• Senin, 06 Desember 2021

Konsultan Pengawas Bantah Proyek Peningkatan Jalan di Blambangan Umpu Asal Jadi

Rabu, 27 Oktober 2021 - 19.10 WIB
216

Kondisi proyek peningkatan jalan yang terletak di Kecamatan Blambangan Umpu, Kabupaten Way Kanan.

Kupastuntas.co, Way Kanan - Menanggapi berita proyek rehabilitasi jalan yang terletak di Kelurahan Blambangan Umpu, Kecamatan Blambangan Umpu, Kabupaten Way Kanan, yang diduga asal jad, dibantah Konsultan pengawas.

"Untuk masalah pemberitaan kemarin  yang mana dalam isi berita tersebut metode pekerjaan rehabilitasi Jalan Ruas Simpang Empat - Blambangan Umpu (Lik.076), dengan pagu nilai Rp 1.648.893.000, yang dikerjakan oleh PT. Graha Andyatma Indotama dan Konsultan Pengawas CV Trimitra Jaya, Tidak sesuai dengan spesifikasi, itu tidak benar," ungkap M. Saleh Konsultan pengawas dari CV Trimitra Jaya, Rabu (27/10/2021).

Menurut M. Saleh, dalam pelaksanaan pekerjaan rehabilitasi jalan tersebut dilakukan survei.

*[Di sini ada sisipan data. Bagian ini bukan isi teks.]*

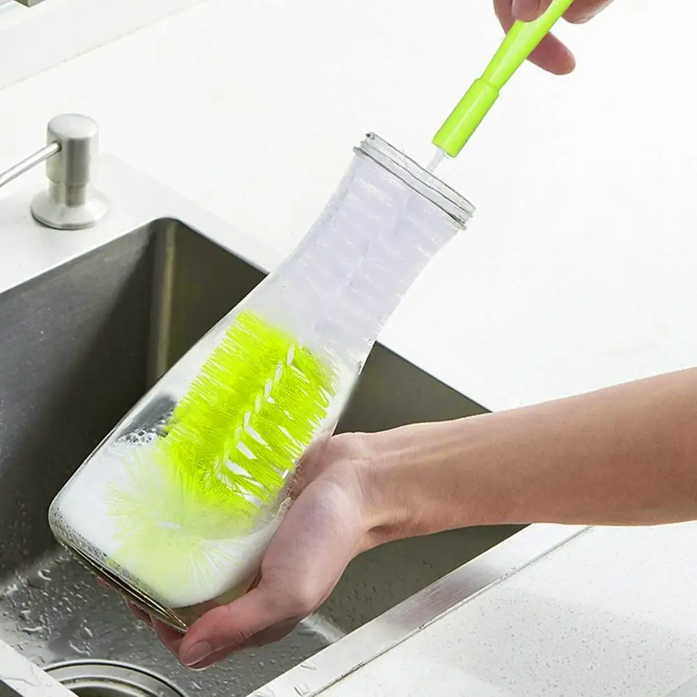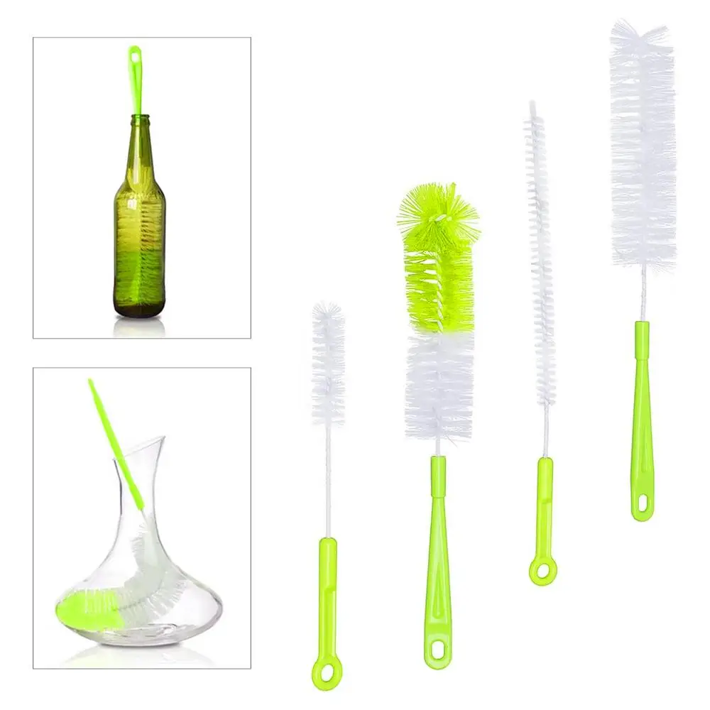 2. Limpieza versátil: Haga que la limpieza diaria de la cocina sea fácil con nuestro Juego de cepillos de limpieza de botellas multifuncionales que viene con 4 cepillos de Mango Verde. El juego es perfecto para limpiar eficientemente botellas, pajitas, frascos, teteras y otros artículos para el hogar de varios tamaños. Diga adiós a los líos obstinados sin esfuerzo.

Penentuan titik nol dan ukur ulang dengan rekanan dan pihak Dinas terkait.

"Dari hasil pengecekan tersebut ada titik memang yang harus digali dengan kedalam 20 cm. Tetapi ada juga yang hanya dikupas untuk CAP 5 cm kedalaman nya, sedangkan untuk Base A nya kita gali 15 cm dikarenakan tidak semuanya badan jalan itu kita gali dengan base, sedangkan yang masih ada aspal yang terkelupas kita hanya gali cuma 5 cm karena pekerjaan itu CAP. Tapi kalau pekerjaan pengerasan Base A itu kita gali hingga 20 cm," ungkapnya.

Ia menambahkan, semua pekerjaan awal pihaknya ada bukti-bukti melalui dokumentasi foto. Jadi pekerjaannya sudah sesuai dengan spesifikasi dan RAB yang ada.

"Untuk panjang jalan yang dikerjakan ini 1.150 meter dari titik nol, terus untuk lebar jalan 5,2 meter, pekerjaannya sendiri sudah hampir selesai, kurang lebih 600 meter dan yang sebelah kanan sudah selesai 100 persen. Sedangkan untuk ketebalan nya sudah sesuai dengan RAB yang ada," tuturnya.

Ia menjelaskan,  pekerjaan jalan ini justru dilebihkan juga,  dimana STA nya 1.150 meter dilebihkan 10 meter jadi 1.160 meter. 

"Karena saya sebagai konsultan sangat teliti, selain saya sebagai konsultan, kami juga dapat tugas untuk sebagai tim PHO, jadi keputusan berita acara nanti mutlak dikonsulkan, tidak ada rekayasa,  jadi tidak bisa main-main dalam masalah pekerjaan ini," tegasnya. (*)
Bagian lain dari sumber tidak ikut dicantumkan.